Abstract

Under anaerobic conditions in the light, active K influx in Hydrodictyon africanum is supported by cyclic photophosphorylation. The use of selective inhibitors shows that, in the presence of CO2, a considerable portion of the ATP used by the K pump is supplied by noncyclic photophosphorylation. The rest of the ATP in these conditions comes from cyclic photophosphorylation. This is true under light-limiting as well as light-saturated conditions. If non-cyclic photophosphorylation is inhibited (by removal of carbon dioxide, by the addition of cyanide which interferes with the carboxylation reaction, or by inhibition of photosystem two with DCMU or supplying only far-red light), the K influx at low light intensities is stimulated, and its characteristics become those of a process powered by cyclic photophosphorylation alone. These results are interpreted in terms of a competition for ATP between K influx and CO2 fixation. Implicit in this explanation is a requirement for a switch of excitation energy absorbed by photosystem one from cyclic photophosphorylation to non-cyclic photophosphorylation whenever conditions (presence of CO2and photosystem two activity) allow CO2 fixation to occur.
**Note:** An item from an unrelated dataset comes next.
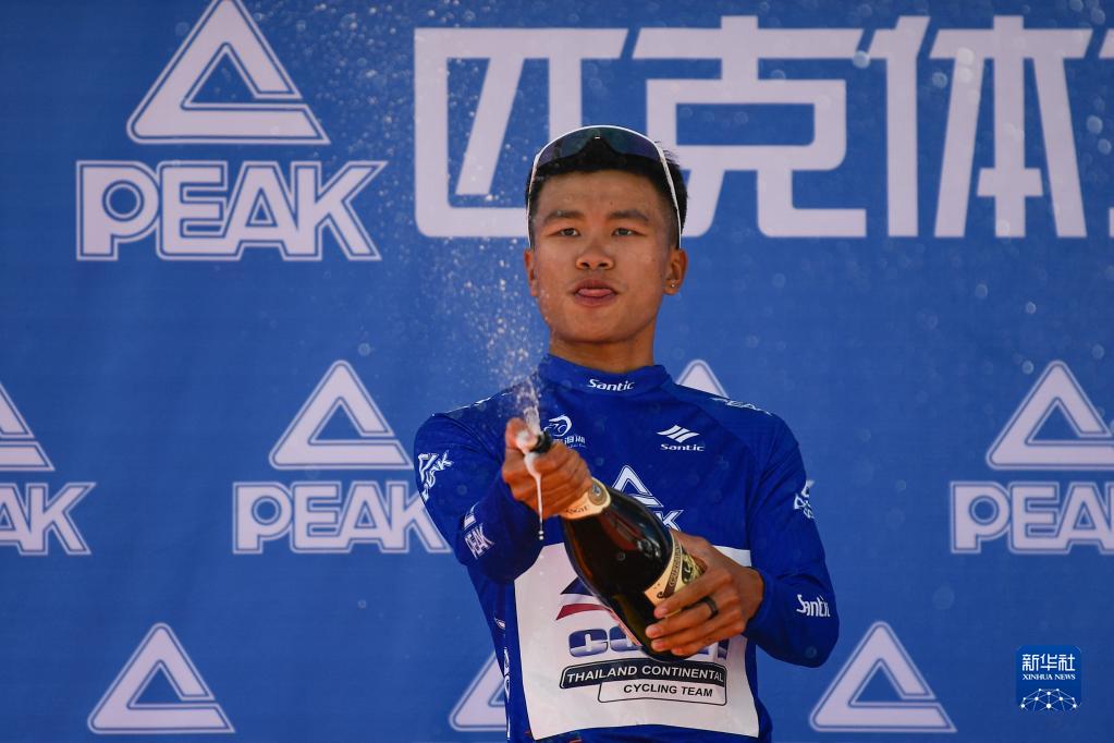 7月9日,泰國國家公路自行車隊(duì)選手塔納·柴亞松巴特身著代表亞洲最佳車手的藍(lán)衫在領(lǐng)獎(jiǎng)臺(tái)上噴灑香檳慶祝。新華社記者 張龍 攝

Further evidence for such a switch of excitation energy absorbed by photosystem one was obtained in experiments in which red and far-red light were applied separately and together. It was found that CO2 fixation showed the Emerson enhancement effect, while K influx (in the presence of CO2) shows a ‘de-enhancement’. This suggests that far-red light alone powers cyclic photophosphorylation; if red light is also present, some of the far-red quanta are diverted to non-cyclic photophosphorylation. The nature of the interaction between cyclic and non-cyclic photophosphorylation is discussed in relation to these and other published results.